▶ TASK DIRECTIONS: In the entries below, find the line with "- Cậu bé vẫn" and the line with "The rain had". Return those two lines and all lines between them, exactly.

▶ INFORMATION GIVEN:
———

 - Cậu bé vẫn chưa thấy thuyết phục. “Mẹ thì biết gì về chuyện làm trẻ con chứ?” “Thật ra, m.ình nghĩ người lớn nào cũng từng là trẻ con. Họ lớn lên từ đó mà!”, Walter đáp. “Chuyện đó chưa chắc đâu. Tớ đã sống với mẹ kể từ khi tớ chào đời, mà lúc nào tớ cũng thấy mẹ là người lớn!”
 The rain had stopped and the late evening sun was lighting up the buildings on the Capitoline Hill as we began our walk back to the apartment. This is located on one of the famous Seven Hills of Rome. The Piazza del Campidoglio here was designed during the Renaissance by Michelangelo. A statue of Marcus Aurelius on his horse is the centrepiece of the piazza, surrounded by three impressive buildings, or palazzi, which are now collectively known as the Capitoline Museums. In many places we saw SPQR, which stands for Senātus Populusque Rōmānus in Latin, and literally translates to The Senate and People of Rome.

———

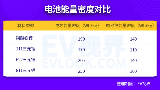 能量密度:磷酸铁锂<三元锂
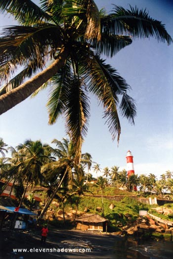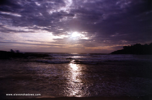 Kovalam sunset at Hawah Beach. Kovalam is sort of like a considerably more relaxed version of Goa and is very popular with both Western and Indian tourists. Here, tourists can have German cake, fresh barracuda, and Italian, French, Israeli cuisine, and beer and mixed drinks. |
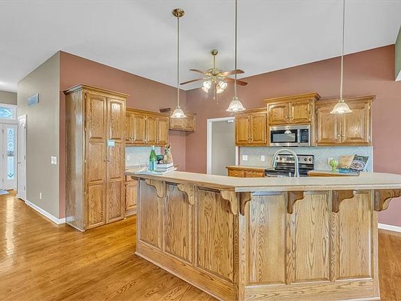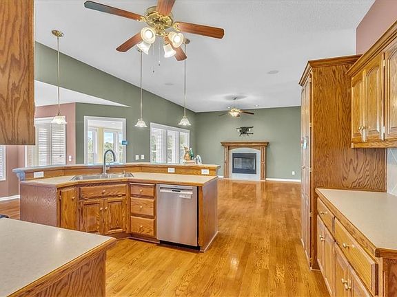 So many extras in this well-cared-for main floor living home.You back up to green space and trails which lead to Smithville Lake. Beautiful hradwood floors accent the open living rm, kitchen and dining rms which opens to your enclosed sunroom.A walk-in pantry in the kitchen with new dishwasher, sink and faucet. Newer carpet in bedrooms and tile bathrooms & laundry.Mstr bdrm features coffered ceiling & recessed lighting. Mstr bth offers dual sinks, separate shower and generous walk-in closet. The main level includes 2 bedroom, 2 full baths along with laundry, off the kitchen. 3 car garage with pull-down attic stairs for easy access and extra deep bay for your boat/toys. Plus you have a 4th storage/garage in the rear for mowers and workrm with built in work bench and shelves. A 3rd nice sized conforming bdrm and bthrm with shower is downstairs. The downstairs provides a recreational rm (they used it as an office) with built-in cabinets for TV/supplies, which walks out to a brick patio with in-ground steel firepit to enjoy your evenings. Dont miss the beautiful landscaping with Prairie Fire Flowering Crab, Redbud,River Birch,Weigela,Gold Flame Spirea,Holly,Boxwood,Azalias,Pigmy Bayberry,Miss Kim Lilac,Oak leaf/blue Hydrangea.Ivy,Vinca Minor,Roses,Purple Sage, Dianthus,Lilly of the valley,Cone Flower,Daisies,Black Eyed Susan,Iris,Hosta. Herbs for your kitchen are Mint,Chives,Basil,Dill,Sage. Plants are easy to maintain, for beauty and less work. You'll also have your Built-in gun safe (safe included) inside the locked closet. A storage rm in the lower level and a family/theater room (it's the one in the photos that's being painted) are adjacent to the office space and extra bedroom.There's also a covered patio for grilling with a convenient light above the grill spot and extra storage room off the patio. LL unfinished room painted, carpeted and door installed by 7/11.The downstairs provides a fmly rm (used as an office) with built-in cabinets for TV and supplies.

———

▶ OUTPUT FOR THIS TASK:
 - Cậu bé vẫn chưa thấy thuyết phục. “Mẹ thì biết gì về chuyện làm trẻ con chứ?” “Thật ra, m.ình nghĩ người lớn nào cũng từng là trẻ con. Họ lớn lên từ đó mà!”, Walter đáp. “Chuyện đó chưa chắc đâu. Tớ đã sống với mẹ kể từ khi tớ chào đời, mà lúc nào tớ cũng thấy mẹ là người lớn!”
 The rain had stopped and the late evening sun was lighting up the buildings on the Capitoline Hill as we began our walk back to the apartment. This is located on one of the famous Seven Hills of Rome. The Piazza del Campidoglio here was designed during the Renaissance by Michelangelo. A statue of Marcus Aurelius on his horse is the centrepiece of the piazza, surrounded by three impressive buildings, or palazzi, which are now collectively known as the Capitoline Museums. In many places we saw SPQR, which stands for Senātus Populusque Rōmānus in Latin, and literally translates to The Senate and People of Rome.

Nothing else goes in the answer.